| Task requirements |
Nothing but the lines from the first line of the entries through the line with "Panic Attack For" should appear in the answer, transcribed exactly and free of pictures.

--- Materials provided ---

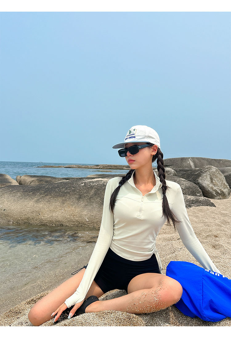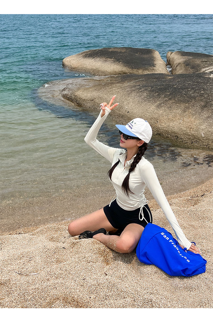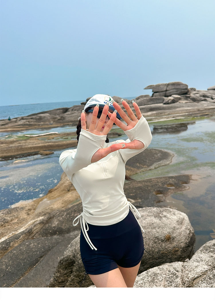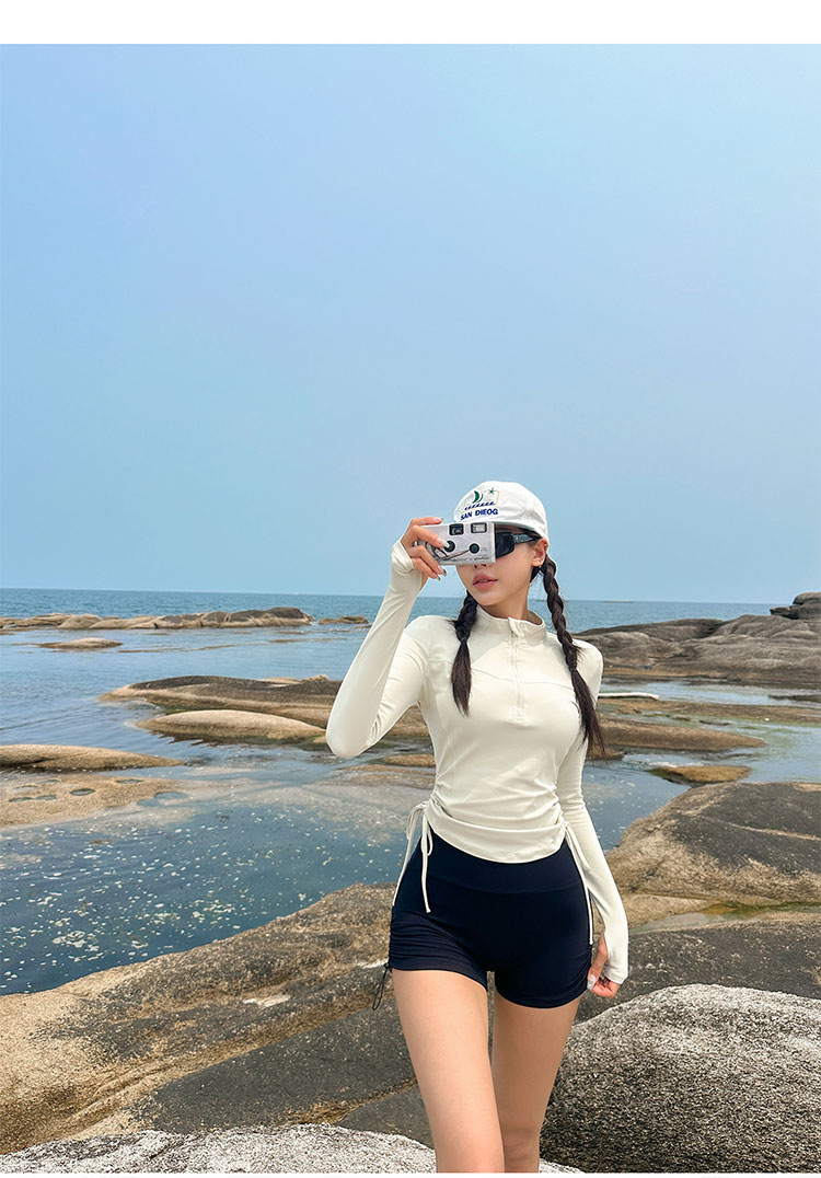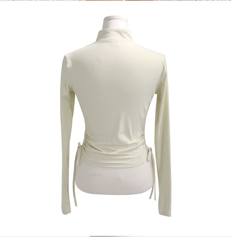 요가 옷 여성용 긴팔 지퍼 무승부 꽉 맞는 필라테스 스포츠 달리기 피트니스 탑 선 스크린 수영복 여성용
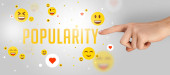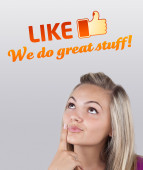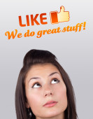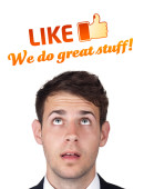 Close-Up przyciętej dłoni wskazując na napis LIKE US, Koncepcja social media
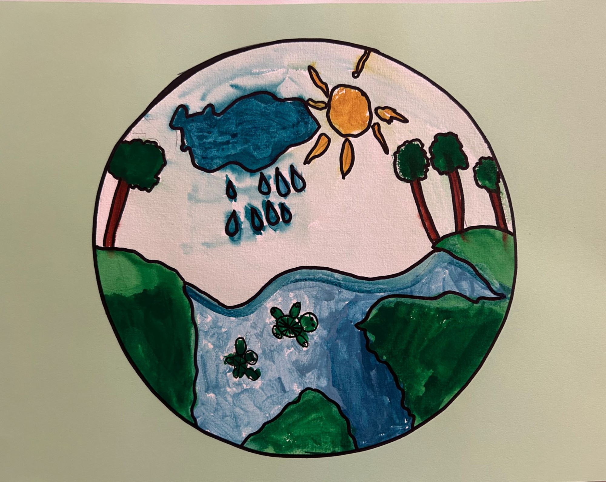 Bruņurupucīši ir laimīgi, ka var peldēties tīrā ūdenī. Akvarelis.
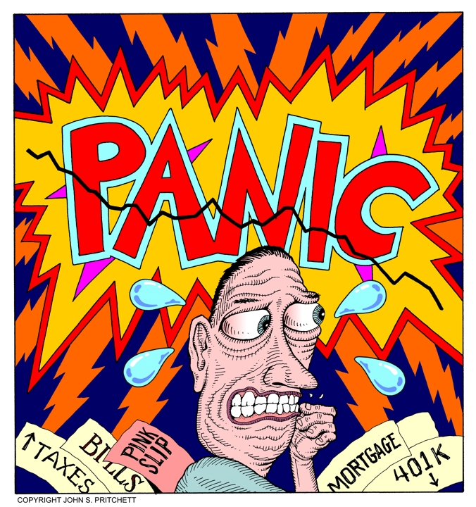 Panic Attack For details on reprint usage or to purchase the original art, Email Pritchett Business Cartoons | Site Map | Home Page
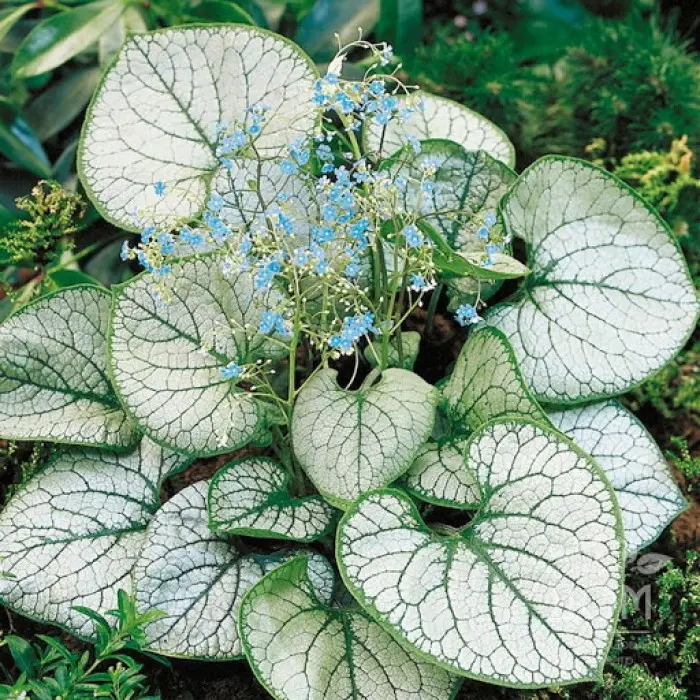 Бруннера крупнолистная Jack Frost. Один из самых любимых садоводами сортов бруннеры. Многолетнее травянистое корневищное растение высотой 40-60 см. Листья бруннеры довольно крупные, сердцевидной формы, морозно-серебристой окраски, с зелеными жилками и краем листовой пластины. Листья слегка опушенные, на длинных стеблях, отходящих непосредственно от корня растения. Цветки брунеры голубые. Имеет довольно продолжительный период цветения начиная с мая по июнь. В полной тени бруннера крупнолистная "Джек Фрост" вытягивается, теряет декоративность, а при выращивании на солнце бруннерам необходимо обеспечить постоянную влажность почвы и воздуха, что возможно лишь при наличии водоема. В более жарком климате высаживать их на открытом солнце не стоит. Зона зимостойкости 4.
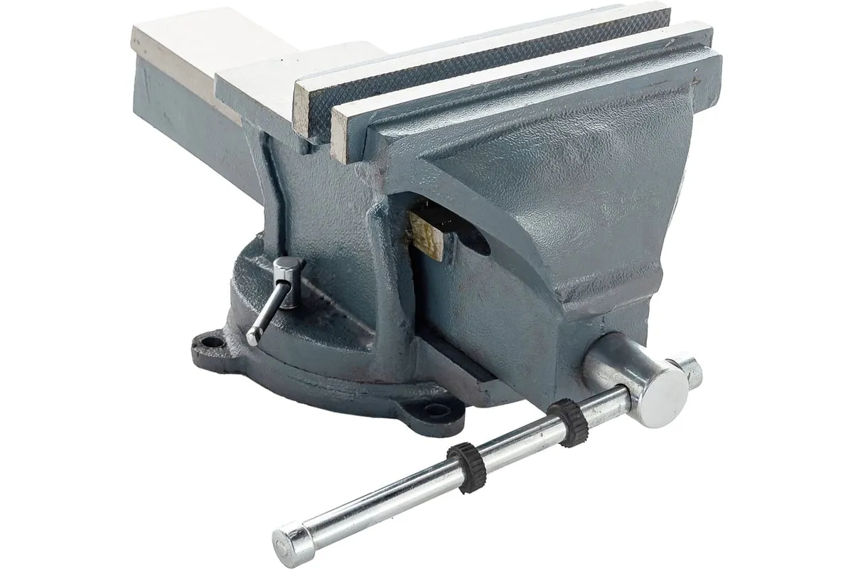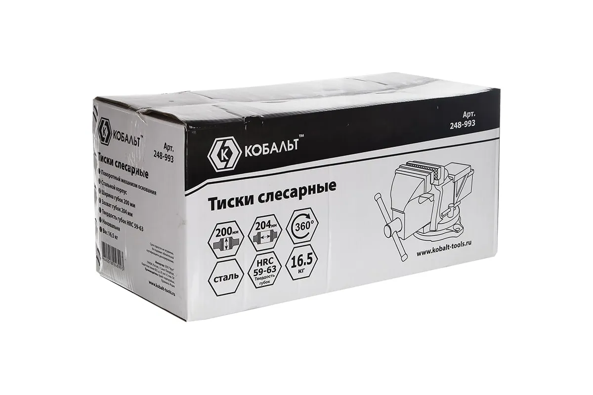 Стальные поворотные слесарные тиски КОБАЛЬТ 248-993 - надежный в работе зажимной инструмент. Устройство широко применяется в слесарных мастерских для обработки заготовок. Модель отличается высокой прочностью и устойчивостью к износу. Твердость губок - HRC 59-63.
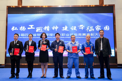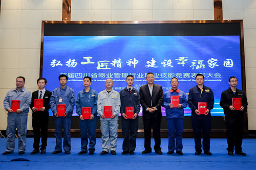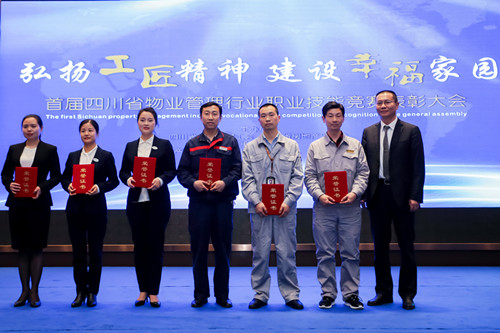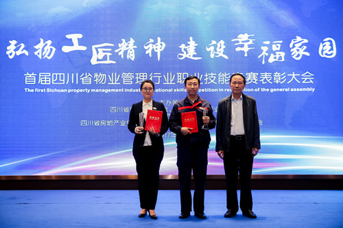四川省房地產(chǎn)業(yè)協(xié)會(huì )物業(yè)管理專(zhuān)業(yè)委員會(huì )主任姚敏為“技術(shù)標兵”獲獎選手頒獎
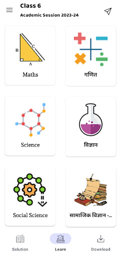 Class 6 all Subjects Solutions in Hindi and English Medium updated for session 2023-24. Students can take help from this app to understand the chapter and exam preparation. It contains the Solutions based on latest Syllabus for 2023-24 in the following subjects in Hindi Medium and English Medium.
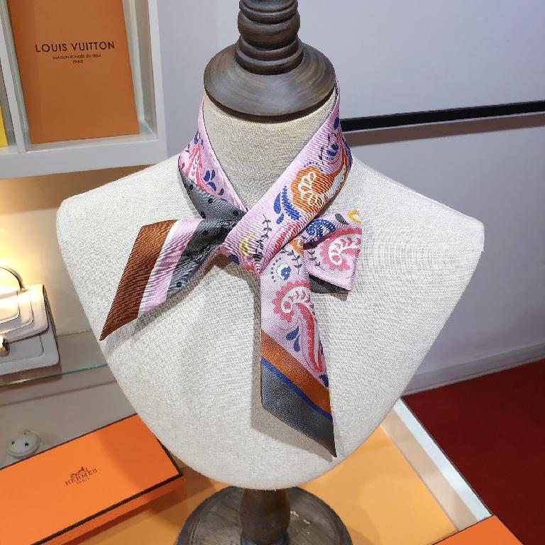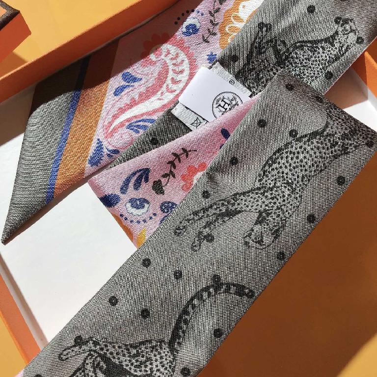 爱马仕【猎豹】Twilly小丝巾 灰粉撞色
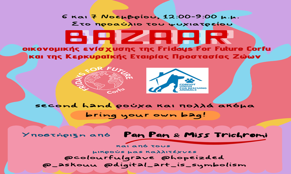 Το Σαββατοκύριακο 6 και 7 Νοεμβρίου στον Πανεπιστημιακό χώρο του Παλαιού Ψυχιατρείου από τις 12 το μεσημέρι έως τις 9 το βράδυ, η ομάδα Fridays For Future Corfu θα διοργανώσει bazaar με ρούχα από δεύτερο χέρι, υποστηρίζοντας παράλληλα μικρούς καλλιτέχνες μέσω της προώθησης των δημιουργιών τους.
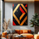 L'abstraction géométrique énergétique ! Diamants et triangles en noir, or et rouge intense, avec des textures ajoutant de la profondeur. Une explosion visuelle mêlant rigueur mathématique et passion chromatique, idéale pour les amateurs d'art moderne à la recherche de contrastes audacieux.
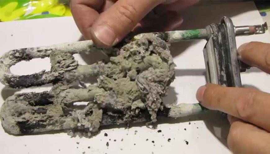 - Вытащив нагреватель, необходимо его почистить. Но ни в коем случае не делайте это с помощью наждачной бумаги, ножа и других предметов.
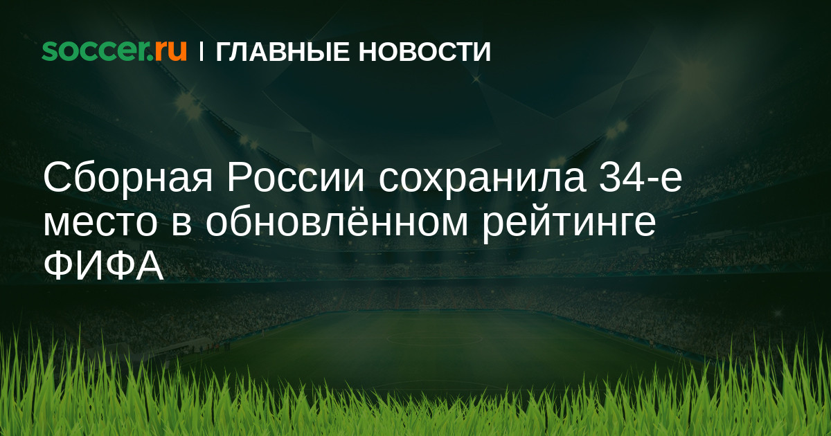 В обновлённом рейтинге ФИФА сборная России сохранила за собой 34-ю строчку.
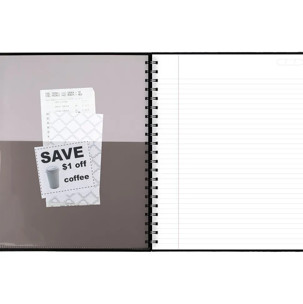 - Poly pocket stores loose sheets. Label page is included to customize the notebook. High quality paper contains a minimum of 30% post-consumer waste recycled material
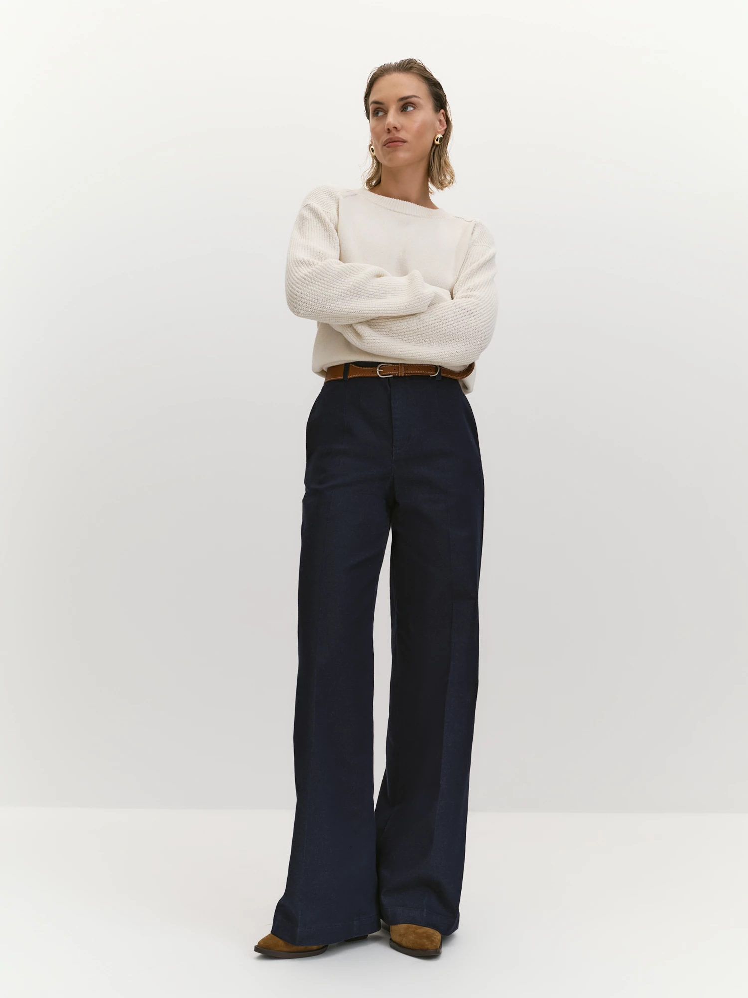 Джинсы raw denim, one wash выполнены из сырого, необработанного денима. Истинные ценители raw denim знают, что модели такого качества сначала кажутся жесткими, затем трансформируются. Выбрали для модели высокую посадку, подчеркивающую талию, и крой, скорее характерный для брюк - талиевые вытачки служат альтернативой традиционной кокетке. Заутюженные стрелки, легкое расклешение от колена и задние декоративные карманы с листочкой гарантируют привлекательные силуэт и посадку по бедрам. Джинсы пошиты из хлопка с добавлением полиэстера и эластана, что делает их тактильно приятными и долговечными.

---

| Your solution |
 요가 옷 여성용 긴팔 지퍼 무승부 꽉 맞는 필라테스 스포츠 달리기 피트니스 탑 선 스크린 수영복 여성용
 Close-Up przyciętej dłoni wskazując na napis LIKE US, Koncepcja social media
 Bruņurupucīši ir laimīgi, ka var peldēties tīrā ūdenī. Akvarelis.
 Panic Attack For details on reprint usage or to purchase the original art, Email Pritchett Business Cartoons | Site Map | Home Page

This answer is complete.